What is required ::
Without any images, write the data out exactly as it appears.

- Opening Delimiter -

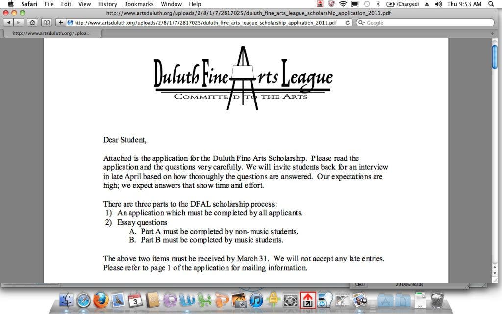 The Duluth Fine Arts League (DFAL) is providing two $1,000 scholarships to Duluth students planning to pursue careers in the fine arts. Applicants must be seniors enrolled at Duluth High School or home-schooled within the city limits of Duluth, according to Mary Buck, chairman of the DFAL Scholarship Committee.
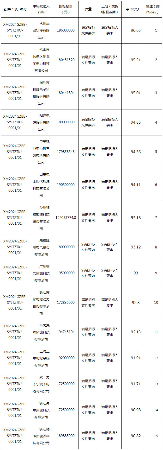 此次共15家企业入围,投标单价区间为1.15-1.30元/Wh。入围名单如下:
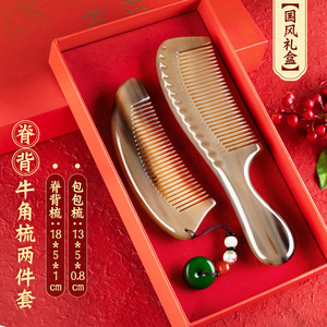 【国风梳礼盒】脊背牛角梳两件套
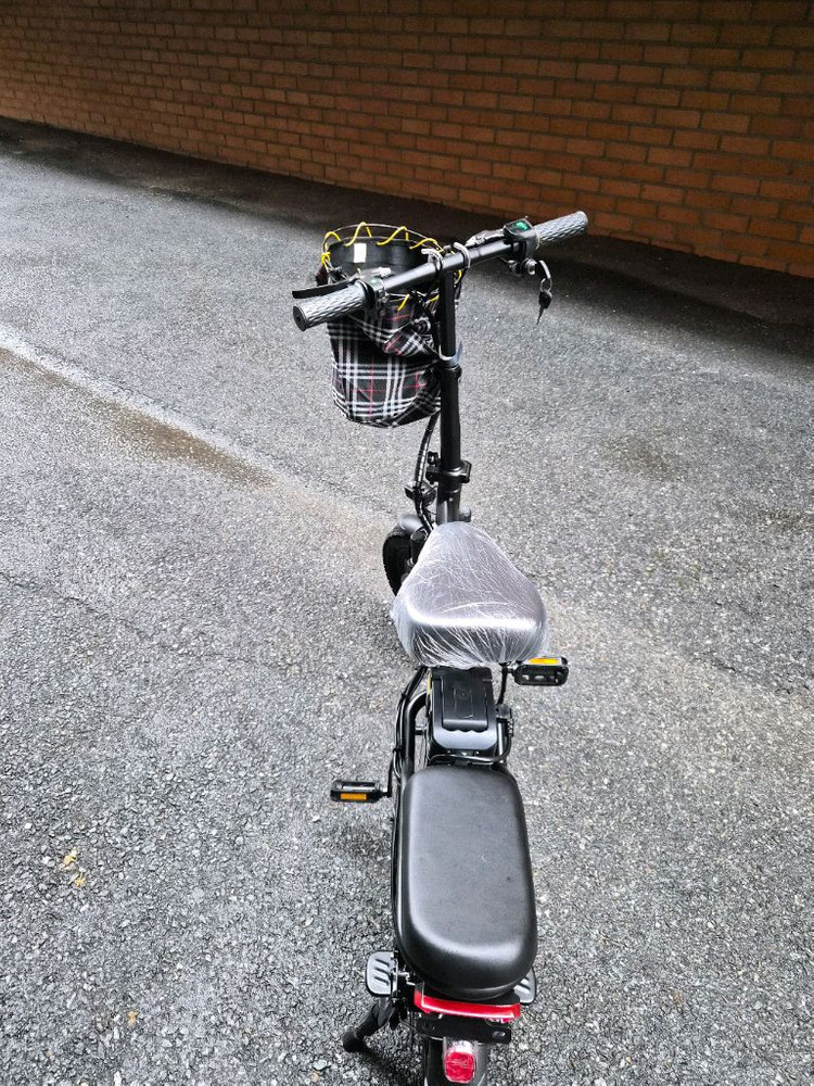 접이식 전기자전거 판매합니다. 접이식으로 보관과 이동이 편리하고, 전체적으로 깔끔한 상태예요. 실용적인 마르쉐드 블랙 색상 접이식 전기 자전거입니다. 선물받은것으로 장보기용으로도 유용합니다. 안장 비닐도 안 뜯은 미사용새상품입니다 스펙 8단 (럭셔리)20A-80km입니다 직접보고 구매하셔도됍니다
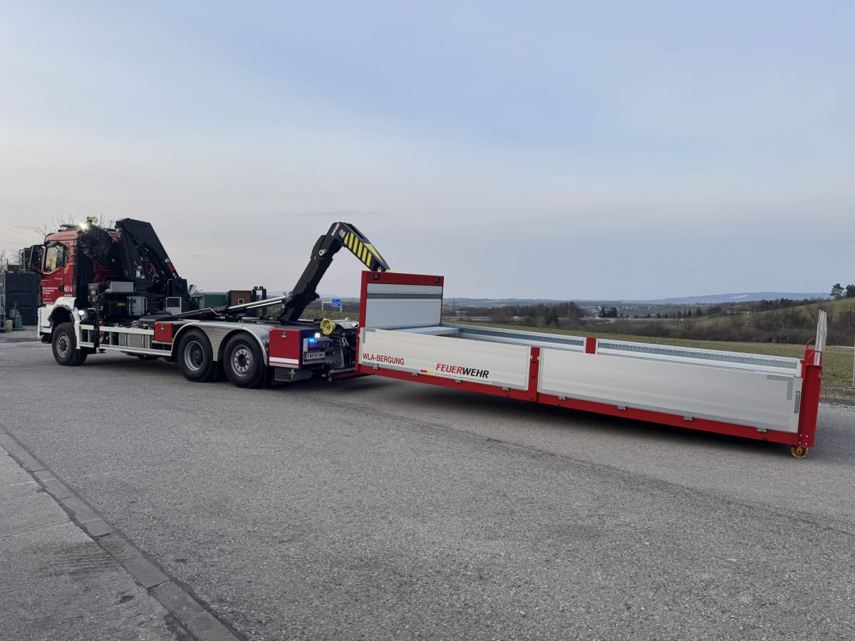 Mit den Wechselladerfahrzeugen erhalten die burgenländischen Feuerwehren ein vielseitig einsetzbares Einsatzmittel, das sich sowohl für regionale als auch überregionale Einsätze bestens eignet und als Trägerfahrzeug für unterschiedlichste Aufbauten dient. Die multifunktionalen Fahrzeuge können mithilfe eines Abrollkippers verschiedene Aufbaumodule – wie Plateaus für technische Einsätze, Module für Brandeinsätze sowie diverse Funktionscontainer – aufnehmen. Darüber hinaus sind die Fahrzeuge mit einem Ladekran samt Zubehör wie Arbeitskorb, Palettengabel sowie Holz- und Schüttgutgreifer ausgestattet. Ein weiterer wesentlicher Bestandteil ist eine 7t Seilwinde im Heck.
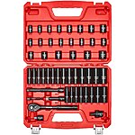 VEVOR 3/8 in Drive Impact Socket Set, 50 Piece, 6 Point Deep & Shallow Impact Sockets, SAE (5/16 in to 3/4 in) and Metric (8 to 22 mm) Sizes with 3 in & 6 in Extension Bars, Cr-V Steel, Carrying Case
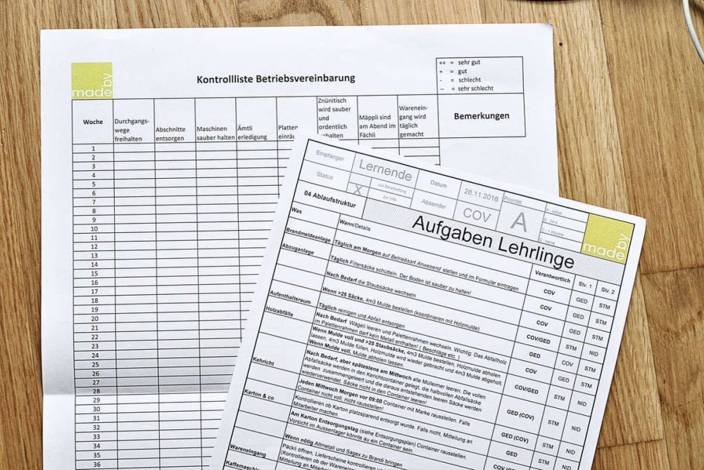 Es beginnt bei der internen Kommunikation: «Dabei handelt es sich um die Rahmenbedingungen im Unternehmen, sprich die Betriebsvereinbarungen oder den Ämtliplan», erklärt Virgile. «Den Ämtliplan baue ich kontinuierlich aus und teile die Aufgaben uns Lernenden zu.» Ob alles ordnungsgemäss erledigt werde, überwache der Werkstattchef, erzählt der junge Oltner. «Bei der externen Kommunikation geht es darum, junge Leute auf den Schreinerberuf aufmerksam zu machen», übernimmt David das Wort. Dafür publizieren die Lernenden Bilder und Texte auf der Firmenwebsite. Firmenprofile für Facebook und Instagram sind auch in Planung. Momentan wird fleissig recherchiert, wie sich die Schreinerei in den neuen Medien präsentieren kann. Auch die Vorbereitung auf das Standby-Interview gehörte in Davids Bereich. Dafür hat er einen Ablaufplan und eine Dokumentation der Bereiche zur Abgabe erstellt.

- Closing Delimiter -

Completed exercise ::
 The Duluth Fine Arts League (DFAL) is providing two $1,000 scholarships to Duluth students planning to pursue careers in the fine arts. Applicants must be seniors enrolled at Duluth High School or home-schooled within the city limits of Duluth, according to Mary Buck, chairman of the DFAL Scholarship Committee.
 此次共15家企业入围,投标单价区间为1.15-1.30元/Wh。入围名单如下:
 【国风梳礼盒】脊背牛角梳两件套
 접이식 전기자전거 판매합니다. 접이식으로 보관과 이동이 편리하고, 전체적으로 깔끔한 상태예요. 실용적인 마르쉐드 블랙 색상 접이식 전기 자전거입니다. 선물받은것으로 장보기용으로도 유용합니다. 안장 비닐도 안 뜯은 미사용새상품입니다 스펙 8단 (럭셔리)20A-80km입니다 직접보고 구매하셔도됍니다
 Mit den Wechselladerfahrzeugen erhalten die burgenländischen Feuerwehren ein vielseitig einsetzbares Einsatzmittel, das sich sowohl für regionale als auch überregionale Einsätze bestens eignet und als Trägerfahrzeug für unterschiedlichste Aufbauten dient. Die multifunktionalen Fahrzeuge können mithilfe eines Abrollkippers verschiedene Aufbaumodule – wie Plateaus für technische Einsätze, Module für Brandeinsätze sowie diverse Funktionscontainer – aufnehmen. Darüber hinaus sind die Fahrzeuge mit einem Ladekran samt Zubehör wie Arbeitskorb, Palettengabel sowie Holz- und Schüttgutgreifer ausgestattet. Ein weiterer wesentlicher Bestandteil ist eine 7t Seilwinde im Heck.
 VEVOR 3/8 in Drive Impact Socket Set, 50 Piece, 6 Point Deep & Shallow Impact Sockets, SAE (5/16 in to 3/4 in) and Metric (8 to 22 mm) Sizes with 3 in & 6 in Extension Bars, Cr-V Steel, Carrying Case
 Es beginnt bei der internen Kommunikation: «Dabei handelt es sich um die Rahmenbedingungen im Unternehmen, sprich die Betriebsvereinbarungen oder den Ämtliplan», erklärt Virgile. «Den Ämtliplan baue ich kontinuierlich aus und teile die Aufgaben uns Lernenden zu.» Ob alles ordnungsgemäss erledigt werde, überwache der Werkstattchef, erzählt der junge Oltner. «Bei der externen Kommunikation geht es darum, junge Leute auf den Schreinerberuf aufmerksam zu machen», übernimmt David das Wort. Dafür publizieren die Lernenden Bilder und Texte auf der Firmenwebsite. Firmenprofile für Facebook und Instagram sind auch in Planung. Momentan wird fleissig recherchiert, wie sich die Schreinerei in den neuen Medien präsentieren kann. Auch die Vorbereitung auf das Standby-Interview gehörte in Davids Bereich. Dafür hat er einen Ablaufplan und eine Dokumentation der Bereiche zur Abgabe erstellt.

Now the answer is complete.